--- START ---

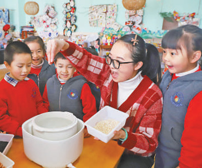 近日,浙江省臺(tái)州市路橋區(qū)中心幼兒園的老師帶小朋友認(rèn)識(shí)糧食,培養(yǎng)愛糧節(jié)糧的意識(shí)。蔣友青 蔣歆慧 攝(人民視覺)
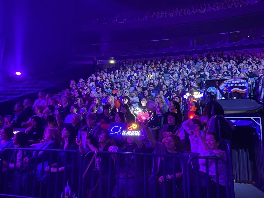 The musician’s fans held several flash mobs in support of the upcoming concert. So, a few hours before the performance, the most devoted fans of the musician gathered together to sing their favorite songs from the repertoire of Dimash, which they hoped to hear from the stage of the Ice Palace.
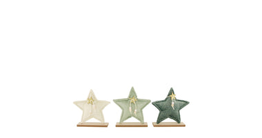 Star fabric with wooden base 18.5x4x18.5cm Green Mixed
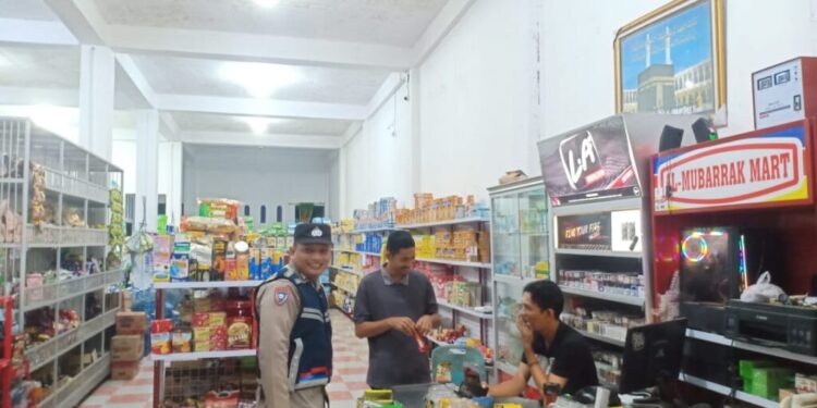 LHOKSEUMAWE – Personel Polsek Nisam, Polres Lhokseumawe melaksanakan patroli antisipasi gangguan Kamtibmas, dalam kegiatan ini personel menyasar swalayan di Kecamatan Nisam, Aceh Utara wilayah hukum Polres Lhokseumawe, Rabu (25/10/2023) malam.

--- END ---

◆ Task description
Leave the pictures out, and transcribe exactly the lines above starting at the one that contains "The musician’s fans" and ending at the one that contains "Star fabric with".

◆ Worked solution
 The musician’s fans held several flash mobs in support of the upcoming concert. So, a few hours before the performance, the most devoted fans of the musician gathered together to sing their favorite songs from the repertoire of Dimash, which they hoped to hear from the stage of the Ice Palace.
 Star fabric with wooden base 18.5x4x18.5cm Green Mixed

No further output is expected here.